Oskar Linde <oskar.lindeREM OVEgmail.com> writes:

Manfred Nowak wrote:
 Frits van Bommel wrote
 
 But the fact of the matter is, 'T[] x = null;' reserves space for
 the .length and sets it to 0. If you have a suggestion for a
 different value to put there, by all means make it.

 
 Suggestion:
 After `T[] x= null;' `x.length == size_t.max' and `x.ptr == null', i.e.  
 `size_t.max' will no more be a valid length for an array.

Uhu... Why whould a slice of the full addressable memory space be a good 
initialization value?

 This is a hack to avoid some overhead in some places, but may introduce  
 more overhead in other places.

This entire discussion is trying to make todays T[] -- a slice type with 
value semantics and some provisions for making it behave as an array in 
some cases -- into a pure array type with a well defined null.
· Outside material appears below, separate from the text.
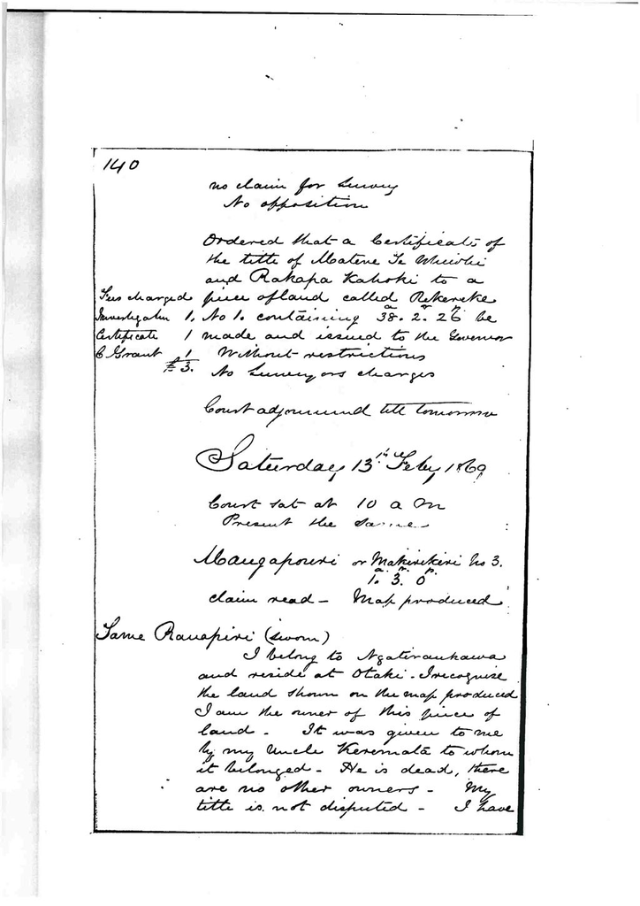 This land belonged to Taumanu formerly. This land was allotted to her brother and her and he has gone to the Hauhaus – not to fight. He is at Rangitikei. Wiremu te Rangiauaki is the brothers name. They have both land elsewhere. No opposition.
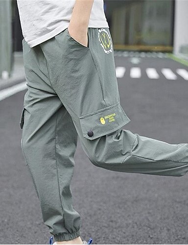 Дети Мальчики Брюки Брюки карго Брюки Пэчворк Карман Сплошной цвет Быстровысыхающий Дышащий Комфорт Брюки на открытом воздухе Хлопок Повседневные Классический Черный Военно-зеленный Хаки Средняя Талия

You can't 
do that without breaking its slice semantics. A much better suggestion 
is Walter's T[new]. Make T[] remain the slice type it is today and make 
a distinct array type (preferably a by-reference type).

 Note: after `T[] x= null;' `x' holds an untyped array and so `y= x;' 
 should be a legal assignment for every `y' declared as `U[] y;' for 
 some type `U'---duck and run.

So you are proposing adding runtime type errors? :P


-- 
Oskar

Jul 25 2007

Derek Parnell <derek psyc.ward> writes:

On Thu, 26 Jul 2007 08:37:13 +0200, Oskar Linde wrote:

 Manfred Nowak wrote:
 Frits van Bommel wrote
 
 But the fact of the matter is, 'T[] x = null;' reserves space for
 the .length and sets it to 0. If you have a suggestion for a
 different value to put there, by all means make it.

 
 Suggestion:
 After `T[] x= null;' `x.length == size_t.max' and `x.ptr == null', i.e.  
 `size_t.max' will no more be a valid length for an array.

 
 Uhu... Why whould a slice of the full addressable memory space be a good 
 initialization value?

Maybe x.ptr = size_t.max and x.length = size_t.max might be useful
representation of a null array as it is an illegal RAM reference otherwise.
But I know, its too late now and probably too expensive at run-time to
implement.

 This is a hack to avoid some overhead in some places, but may introduce  
 more overhead in other places.

 
 This entire discussion is trying to make todays T[] -- a slice type with 
 value semantics and some provisions for making it behave as an array in 
 some cases -- into a pure array type with a well defined null. You can't 
 do that without breaking its slice semantics. A much better suggestion 
 is Walter's T[new]. Make T[] remain the slice type it is today and make 
 a distinct array type (preferably a by-reference type).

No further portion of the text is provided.